You realize you'll still have taxes and penalties due on any early 401k withdrawals right?

If it is the only way out of the mess you are in then you have to do what you have to do. Just make sure to have taxes and the 10% penalty taken out.


----------



## whatslovegottodowithit? (Jan 6, 2013)

I'm confused as SEPP programs are not permitted under sponsored plans? 

Source: Substantially Equal Periodic Payment (SEPP) Definition | Investopedia

Also, the IRS says: 

Is there an exception to the tax for distributions in substantially equal periodic payments?

Yes. If distributions are made as part of a series of substantially equal periodic payments over your life expectancy or the life expectancies of you and your designated beneficiary, the §72(t) tax does not apply. If these distributions are from a qualified plan, not an IRA, you must separate from service with the employer maintaining the plan before the payments begin for this exception to apply.
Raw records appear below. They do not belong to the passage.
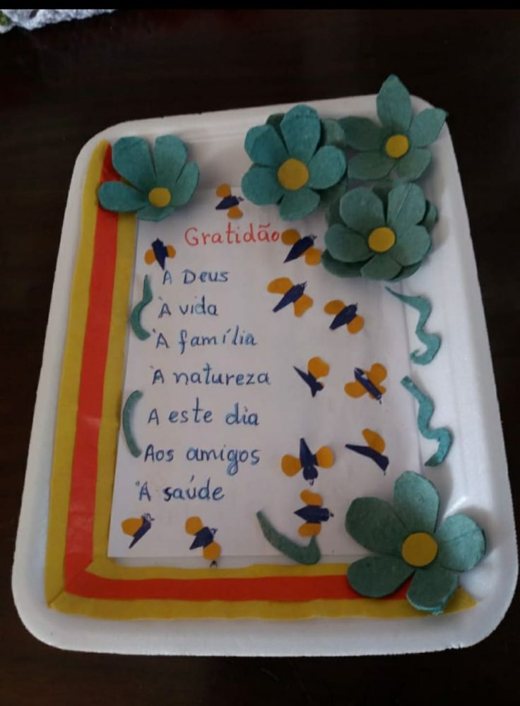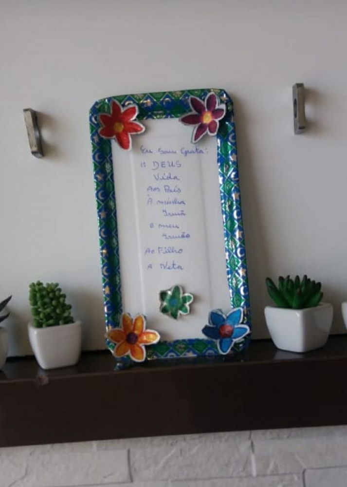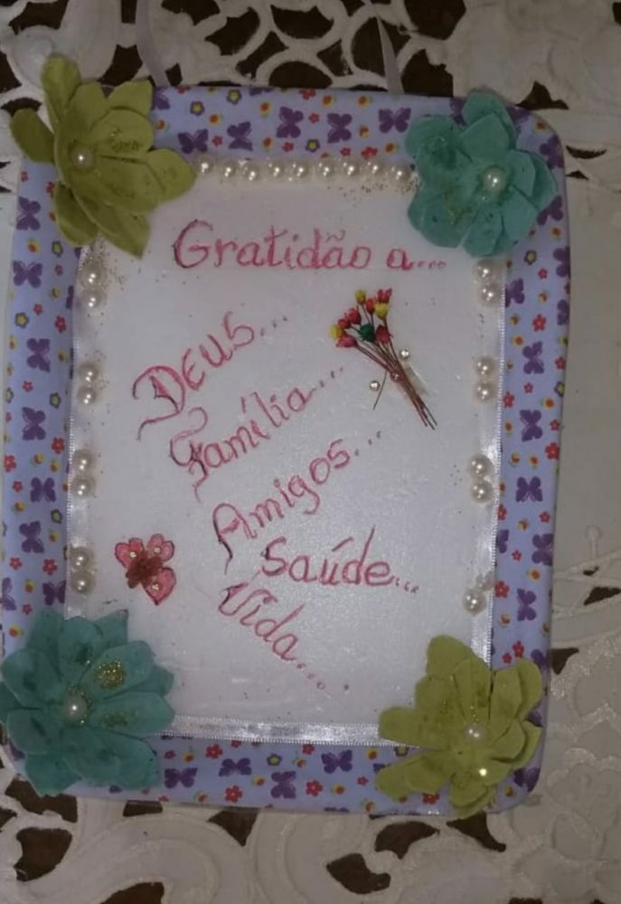 Meu quadro da gratidão foi feito junto com os netos, eles me ajudaram com ideias, recortar e colar. Após a atividade eles passaram a agradecer mais aos pequenos gestos, agradeceram a vó pelo passeio, pelo lanche, pelo pôr do sol. A noite agradeceram pelo dia e pela vida junto comigo. Tudo que aprendemos nos encontros do Sesc repassei a eles e estamos mais gratos pelas pequenas coisas, ajudou bastante toda minha família. Meu quadro da gratidão ficará na sala da minha casa para lembrar todos os dias de agradecer.
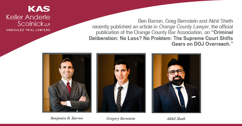 Ben Barron, Greg Bernstein and Akhil Sheth recently published an article in Orange County Lawyer, the official publication of the Orange County Bar Association, on “Criminal Deliberation: No Loss? No Problem: The Supreme Court Shifts Gears on DOJ Overreach.”
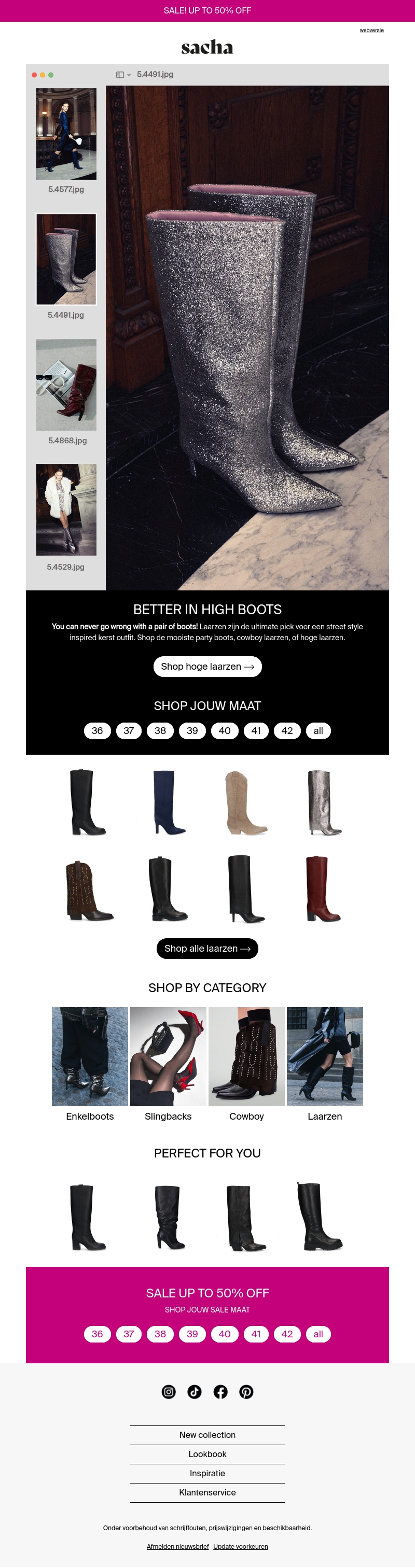 Verken onze collectie hoge laarzen, geschikt voor elke gelegenheid. Of je nu op zoek bent naar glinsterende party boots of stoere cowboy laarzen, wij hebben de juiste keuze voor je. Profiteer nu van de SALE tot 50% korting!
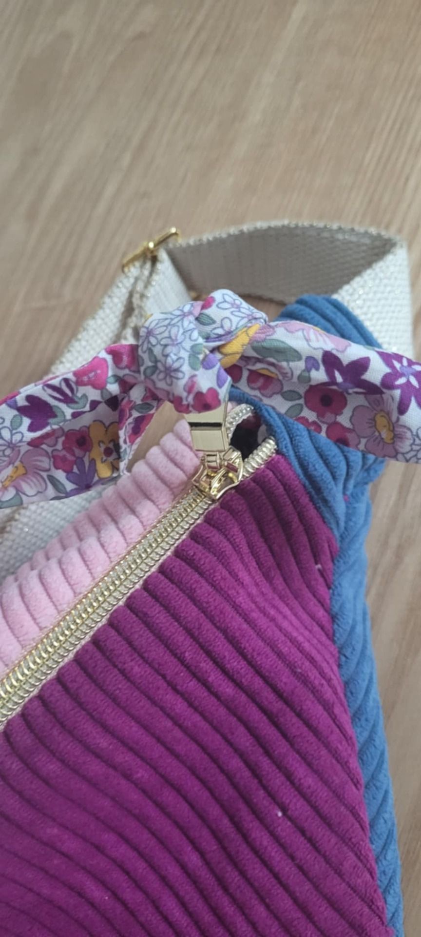 Le petit truc en + : Le curseur doré et son joli noeud à motif (tissu identique à la doublure)
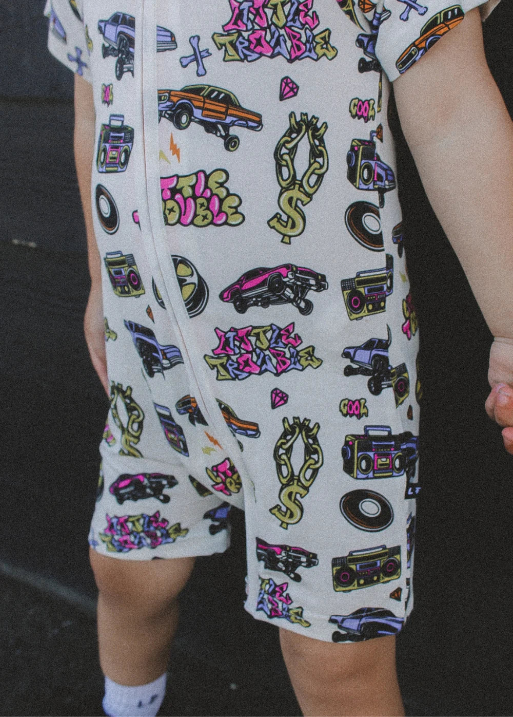 The LT Low Low Shortie pattern is one of my favorites yet. Custom low riders inspired by our neighborhood low lows (shoutout OSIDE OR NO SIDE) LT graffiti tags, that classic boom box we know and love and a fun gold chain for style points. Hand-illustrated (like everything we make) and exclusive to this drop, this isn’t your average babywear — it’s our whole vibe.
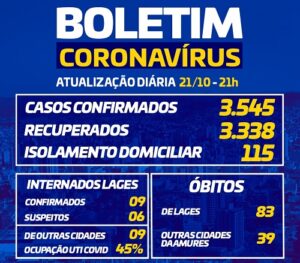 A ocupação dos leitos é que caiu para 45%. Infelizmente, mais dois óbitos ocorreram em Lages. Agora são 83.

If the series of substantially equal periodic payments is subsequently modified (other than by reason of death or disability) within 5 years of the date of the first payment, or, if later, age 59½, the exception to the 10% tax does not apply. In that case, your tax for the modification year is increased by the amount that would have been imposed (but for the exception), plus interest for the deferral period.

Source: http://www.irs.gov/Retirement-Plans...rding-Substantially-Equal-Periodic-Payments#2


----------



## whatslovegottodowithit? (Jan 6, 2013)

Is a HARP/Re-Fi out of the question? What options do you have with the house? Your primary house, your 2nd vacation home, or rental properties? I'd say try and work with the lender(s) if you can. Be prepared to show them a budget, bank statements, etc... to prove you are in poor financial shape.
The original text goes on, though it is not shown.